▶ **EXERCISE**
Repeat the records below exactly, from the first line through the line containing "New Buhler Farm", and leave out any pictures.

* * * *

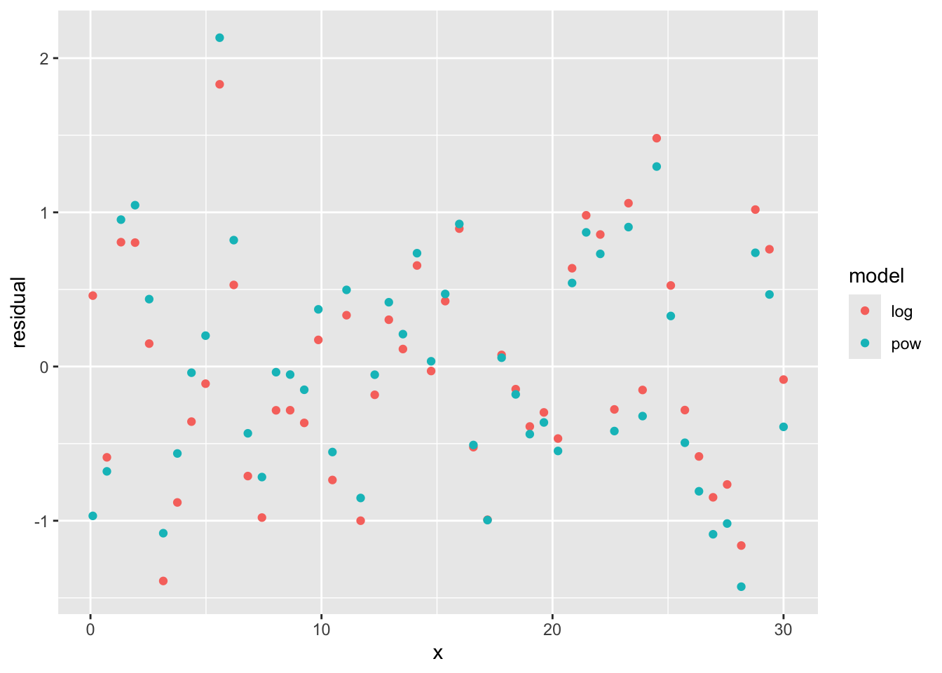 Confrontiamo due regressioni lineari, una col modello \(y=a + b\log(x)\), una col modello \(y=a + b/x^{0.1}\):
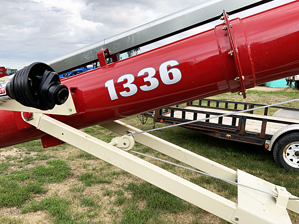New Buhler Farm King C1336D direct PTO drive 13" X 36' auger, upper enclosed lubricated chain drive, double intake flighting, new tires, includes SZ000871A 13" bolt-on hopper (32"W X 36"L X 17.5" H), weighs 2,170 lbs. Lists @ $16,920. Includes factory freight, dealer setup, and prep.
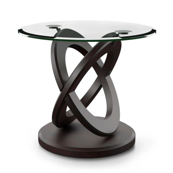 Savor the uniquely graceful, eye-catching design of this end table. Crafted of durable tempered glass on top, the circular tabletop sits atop the bold, thick, crossed wooden oval base. The rich, dark walnut finish is versatile enough for nearly any space, while the robust, resilient glass top offers the ideal spot for tea.Β
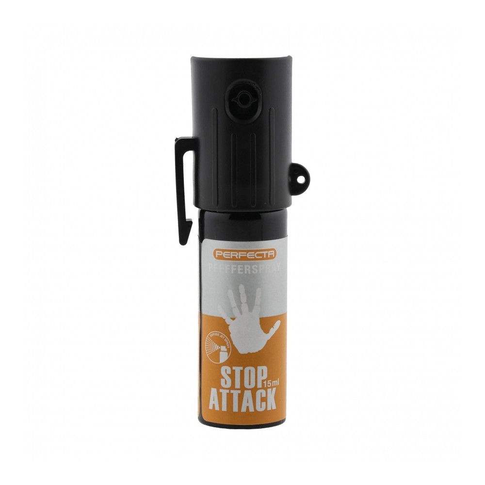 Perfecta Stop Attack 15 ml je kompaktní a účinný obranný pepřový sprej s dosahem až 3 metry. Uvolňuje účinnou látku ve formě širokého kuželového rozptylu, což výrazně zvyšuje šanci na zasažení útočníka. Obsahuje 10% roztok kapsaicinu OC, který po zásahu okamžitě způsobuje silné pálení pokožky, podráždění dýchacích cest a intenzivní slzení očí. Účinek trvá přibližně 30 minut, což poskytuje dostatek času k úniku a přivolání pomoci. Sprej je účinný i proti osobám pod vlivem alkoholu, drog nebo jiných omamných látek. Díky malé velikosti se pohodlně vejde do kapsy nebo kabelky. Praktický klip umožňuje upevnění spreje na opasek.
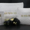 הערכה כוללת: תפילין בהמה גסה דגם 'מלכות', טלית חתנים, כיסויים לתפילין וטלית + רקמות שם, סידור + הטבעה וכיפה העשוייה מעבודת יד.
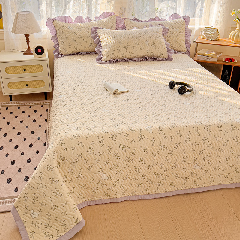 纽缦家纺 2025云感提花双层纱加厚夹棉绗缝床盖 森田野园
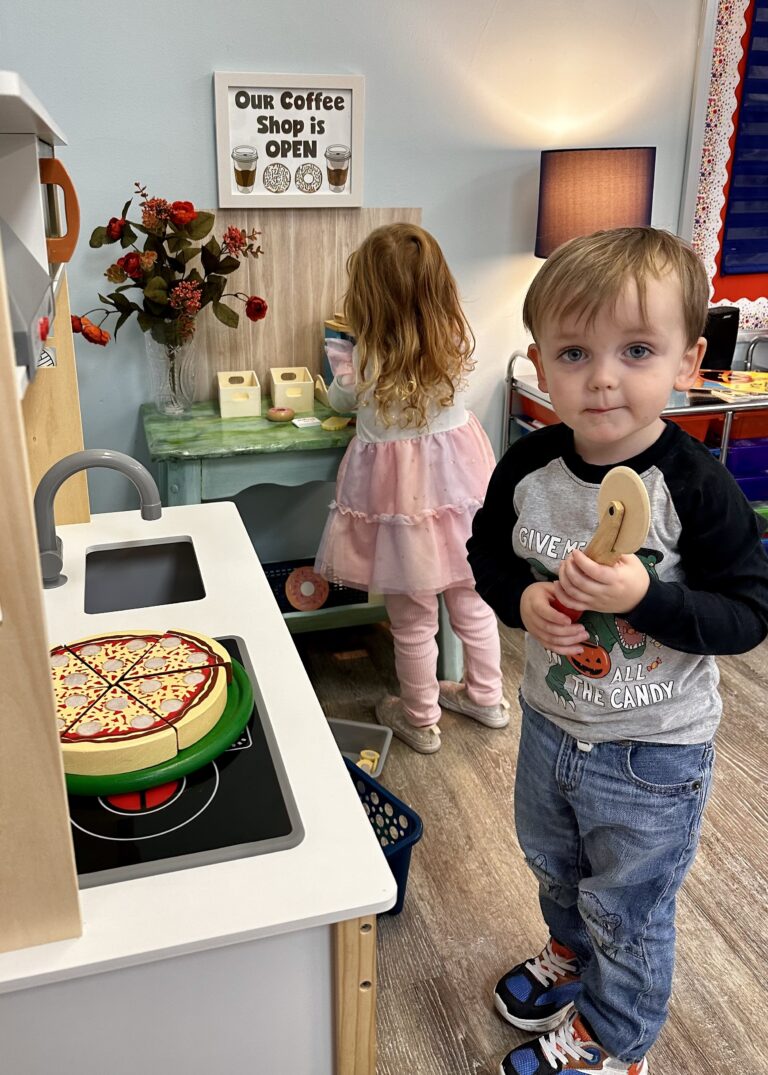 The two year old class is designed for children who are turning two by September 30. For most students, this is their first time away from home and we strive to make it a safe place to learn confidence and a love of play outside of home. Goals for the two year old class are learning to share, listen to a story, separate from mom/dad, and wait your turn, while exploring God’s world in and around the classroom environment. All of this is accomplished with Circle Time, Art, Music, Chapel, Free Exploration, Story Time within a themed day.
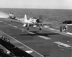 Victorious left Australia in September 1945, arrived back in Britain on 27 October and undertook three trips to collect servicemen and war brides of British servicemen from Australia and the Far East.[63] In the winter of 1946–47, the first deck trials with the Hawker Sea Fury (Mark 10) took place aboard Victorious, leading to its approval for carrier operations in early 1947.[64]
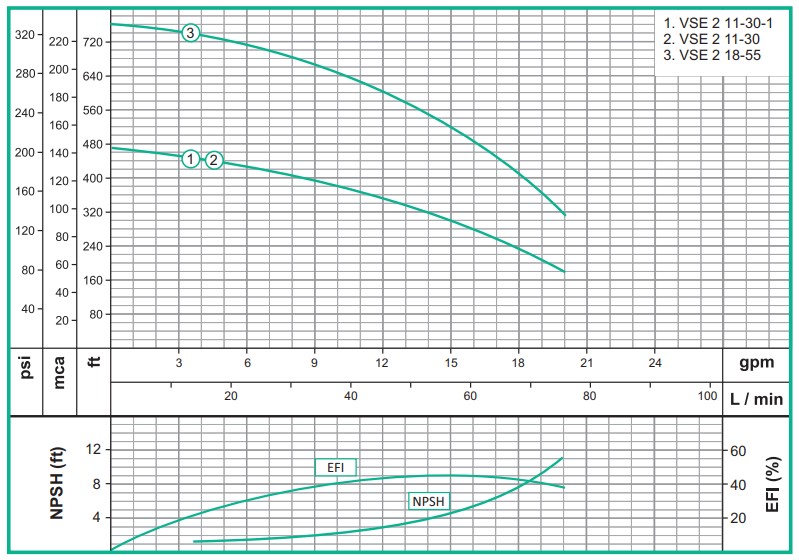 - H Max= 143 (mca= metros columna de agua). La altura (H) máxima se logra con la válvula totalmente cerrada.
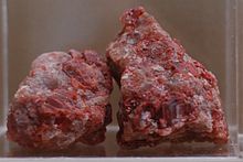 Orthoclase (potassium feldspar) is a common rock-forming mineral. Granite for example contains 5% potassium, which is well above the average in the Earth's crust. Sylvite (KCl), carnallite (KCl·MgCl2·6(H2O)), kainite (MgSO4·KCl·3H2O) and langbeinite (MgSO4·K2SO4)) are the minerals found in large evaporite deposits worldwide. The deposits often show layers starting with the least soluble at the bottom and the most soluble on top. Deposits of niter (potassium nitrate) are formed by decomposition of organic material in contact with atmosphere, mostly in caves; because of the good water solubility of niter the formation of larger deposits requires special environmental conditions.
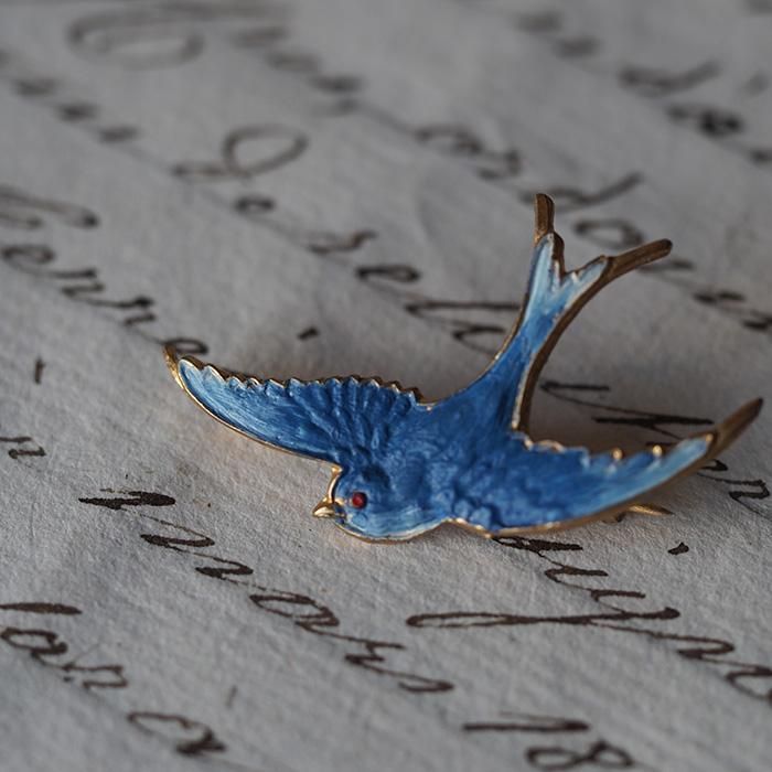1920年代に作られた、ブルーエナメルのツバメのブローチ。
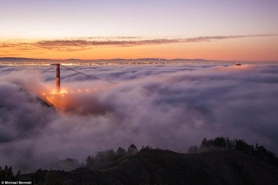 金門霧:這是日出之前,濃霧籠罩下的金門大橋。
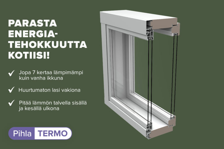 Kun ostat vähintään 6 Pihla-ikkunaa tai ovea, saat tilauksen kaikki tuotteet Termo -rakenteella Varma-rakenteen hinnalla. Etu koskee maksimissaan 30 avattavaa tai kiinteää ikkunaa tai ovea /remontti. Kampanja-edun saa kampanja-aikana tehtyyn omakotitalon ikkuna- ja oviremonttikauppaan Pihlan kotimyynnissä. Etu koskee uusia, kampanja-aikana tehtyjä tilauksia. Etuja ei voi yhdistää eikä niitä voi siirtää muihin tuotteisiin tai kampanjoihin. Etu koskee vain kuluttaja-asiakkaita. Kampanja ei koske uudisrakentajia, taloyhtiöitä, rautakauppoja, Pihla nettikauppaa ja talotehtaita.

* * * *

▶ **RESPONSE TO THE TASK**
 Confrontiamo due regressioni lineari, una col modello \(y=a + b\log(x)\), una col modello \(y=a + b/x^{0.1}\):
New Buhler Farm King C1336D direct PTO drive 13" X 36' auger, upper enclosed lubricated chain drive, double intake flighting, new tires, includes SZ000871A 13" bolt-on hopper (32"W X 36"L X 17.5" H), weighs 2,170 lbs. Lists @ $16,920. Includes factory freight, dealer setup, and prep.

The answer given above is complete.